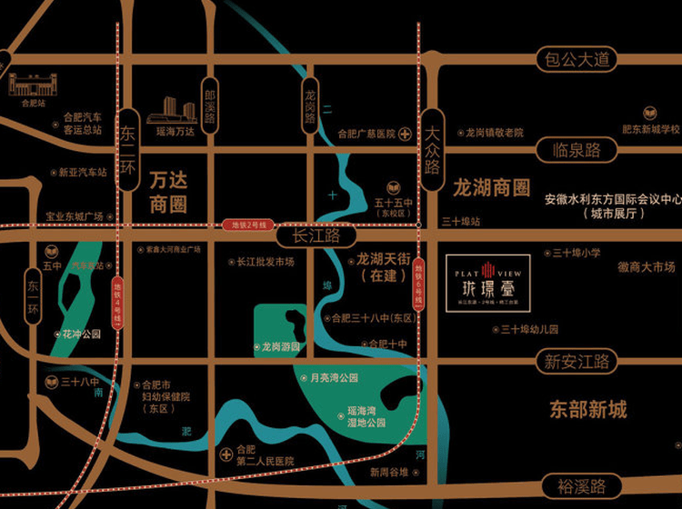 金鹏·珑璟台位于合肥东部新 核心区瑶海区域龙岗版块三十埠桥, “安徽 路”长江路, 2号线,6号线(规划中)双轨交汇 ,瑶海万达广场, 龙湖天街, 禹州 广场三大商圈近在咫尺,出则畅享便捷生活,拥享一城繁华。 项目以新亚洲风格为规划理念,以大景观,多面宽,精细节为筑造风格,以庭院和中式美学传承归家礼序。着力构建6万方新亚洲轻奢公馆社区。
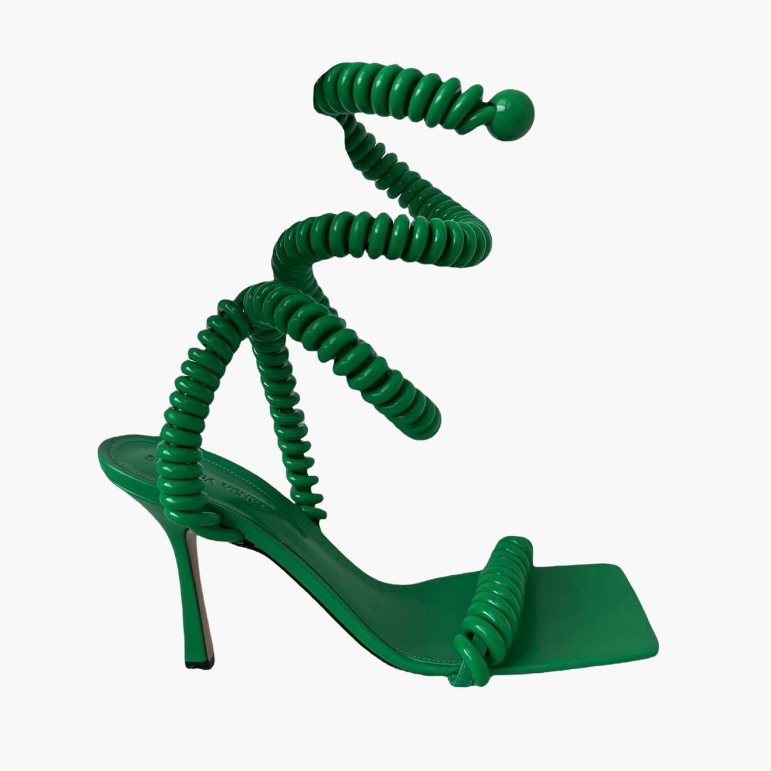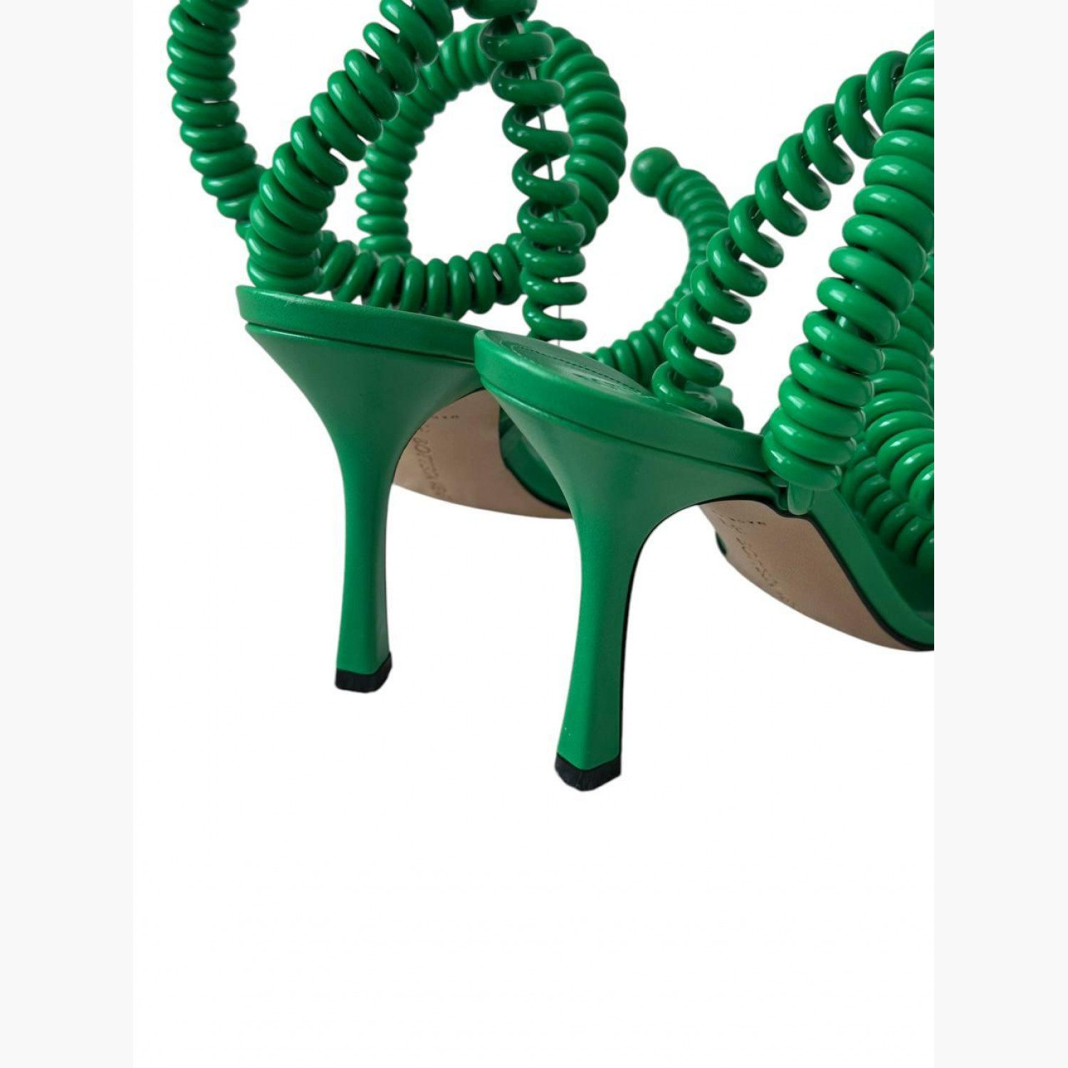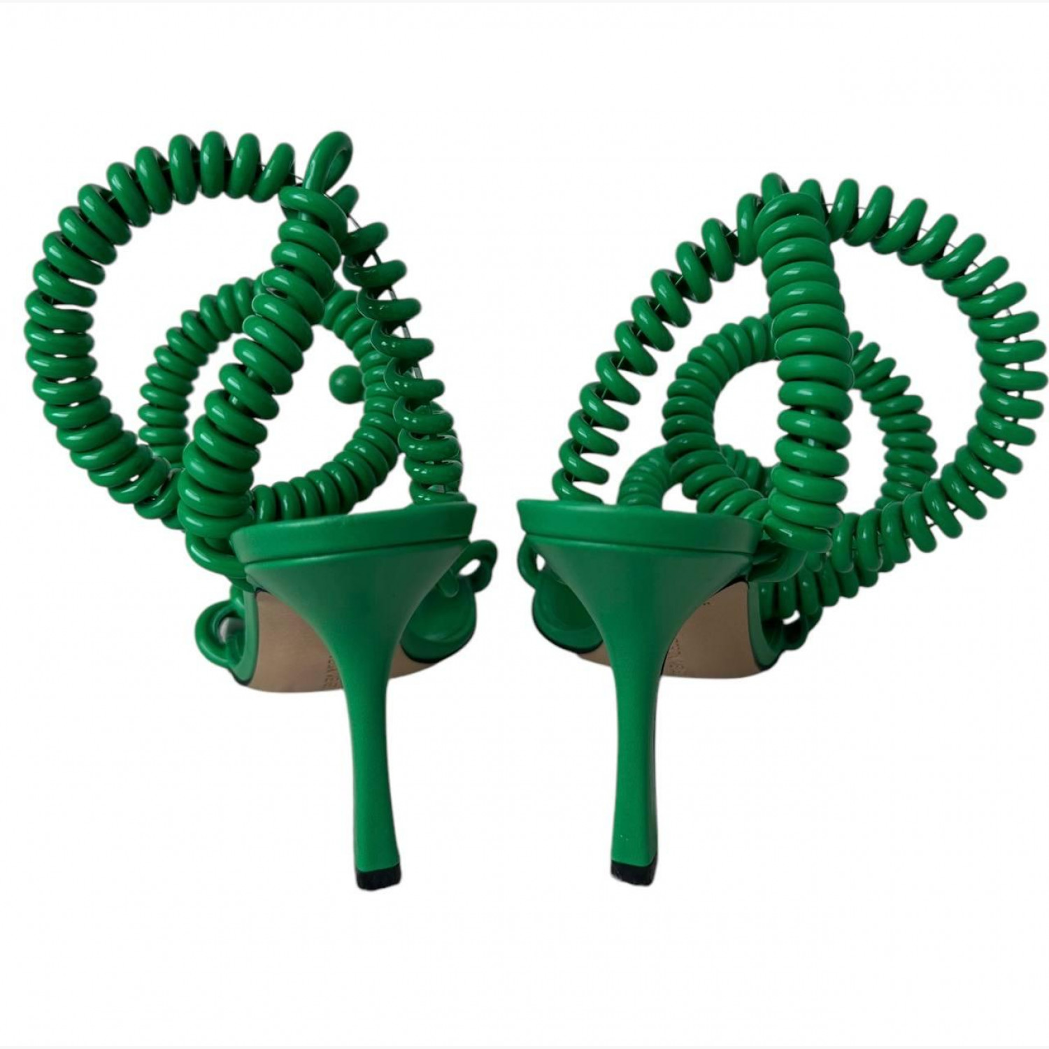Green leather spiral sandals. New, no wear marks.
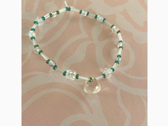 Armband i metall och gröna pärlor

--

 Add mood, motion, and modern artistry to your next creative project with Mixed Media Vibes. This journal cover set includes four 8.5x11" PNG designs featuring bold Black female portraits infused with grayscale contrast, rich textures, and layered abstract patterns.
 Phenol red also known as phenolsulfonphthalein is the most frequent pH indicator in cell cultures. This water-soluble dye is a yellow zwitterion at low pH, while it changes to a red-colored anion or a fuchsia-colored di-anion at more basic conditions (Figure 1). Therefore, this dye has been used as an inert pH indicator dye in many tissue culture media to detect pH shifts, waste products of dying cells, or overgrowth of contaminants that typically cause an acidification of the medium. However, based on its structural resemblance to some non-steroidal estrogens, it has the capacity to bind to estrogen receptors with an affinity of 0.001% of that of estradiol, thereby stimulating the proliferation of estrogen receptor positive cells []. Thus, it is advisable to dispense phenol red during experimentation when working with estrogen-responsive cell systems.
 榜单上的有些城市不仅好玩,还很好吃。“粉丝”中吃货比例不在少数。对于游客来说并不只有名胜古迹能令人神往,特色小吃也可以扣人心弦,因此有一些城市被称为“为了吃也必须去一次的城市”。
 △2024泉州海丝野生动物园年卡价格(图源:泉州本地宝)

### [About this task]
Pictures are to be left out. Write out only the lines above starting at the one with "龙湖天街, 禹州 广场三大商圈近在咫尺,出则畅享便捷生活,拥享一城繁华。" and ending at the one with "Armband i metall och gröna pärlor", both lines included, exactly.

### [Answer space]
 金鹏·珑璟台位于合肥东部新 核心区瑶海区域龙岗版块三十埠桥, “安徽 路”长江路, 2号线,6号线(规划中)双轨交汇 ,瑶海万达广场, 龙湖天街, 禹州 广场三大商圈近在咫尺,出则畅享便捷生活,拥享一城繁华。 项目以新亚洲风格为规划理念,以大景观,多面宽,精细节为筑造风格,以庭院和中式美学传承归家礼序。着力构建6万方新亚洲轻奢公馆社区。
Green leather spiral sandals. New, no wear marks.
 Armband i metall och gröna pärlor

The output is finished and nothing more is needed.